A Bedouin woman shows her embroidery work in the visitor center in Lakiya, Israel on Feb. 27, 2022.Photo:Xinhua
Bedouin women living in Israel mark International Women's Day by continuing to promote their status in the traditional patriarchal society they were born into.
The Desert Embroidery Educational Visitor Center in the Bedouin city of Lakiya is one of the local initiatives to empower women to attain equality through the improvement of their economic, educational and social status.
"For us, every day is Women's Day, and we were constantly trying to have our voices heard and to have a place in our community, a male-dominated community," said Adan Alhjooj, one of the activists in the project.
Amal Elsana-Alh'jooj gives a speech in the visitor center in Lakiya, Israel on Feb. 27, 2022.Photo:Xinhua
Her mother, Dr. Amal Elsana-Alh'jooj, is the co-founder of the project. She started with teaching older women how to write and read, and gradually developed a love for feminism. Now she is a renowned activist and leader that fights for Bedouin women's rights.

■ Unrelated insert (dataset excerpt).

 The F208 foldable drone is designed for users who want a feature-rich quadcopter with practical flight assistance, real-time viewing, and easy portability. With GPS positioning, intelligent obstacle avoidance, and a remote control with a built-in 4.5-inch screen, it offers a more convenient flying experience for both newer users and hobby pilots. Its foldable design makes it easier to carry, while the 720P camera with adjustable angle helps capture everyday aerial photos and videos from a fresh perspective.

"I was born as a fifth girl to a Bedouin family, which for many people is kind of a tragedy because everyone wanted to have a boy and not a girl," said Elsana-Alh'jooj.
"But I decided that I don't want to play the role of the victim and saying, oh, I was born in a patriarchal system, I am a girl, I have no rights."
Instead, she chose to change the reality.
She started at a very early age her journey for equality. As a child, Elsana-Alh'jooj saw her mother giving her brother a nicer piece of chicken. "I jumped on my brother and took his piece," she said.
"I knew that if I'm not fighting over these small things then, I wouldn't be able to fight over big things in the future."
A Bedouin woman works on embroidery in the visitor center in Lakiya, Israel on Feb. 27, 2022.Photo:Xinhua
Elsana-Alh'jooj recalled that her leadership spirit was born when she was a six-year-old shepherdess "taking 50 sheep, three cows, a donkey, and running to the mountains of Lakiya."
Instructing workshops of embroidery, selling clothes, garments, and accessories that tell the stories of Bedouin women, heritage, as well as their complex reality have become a tourist attraction.
Nowadays, more and more Bedouin women are working compared with two decades ago. Back then, more than 80 percent were unemployed. The government put a lot of effort into changing it, so Israel could join the Organization for Economic Cooperation and Development (OECD), according to Elsana-Alh'jooj.
The embroidery initiative also helped some married women with no legal status in the country. Most of them were former residents of the West Bank or Gaza strip, or abandoned wives of polygamist Bedouin.
For these women, the embroidery project is the only source of income.
"This is the only way that they can survive here," said Elsana-Alh'jooj.
Bedouins in Israel are concentrated mainly in the Negev desert alongside southern country, and some live in several adjacent cities.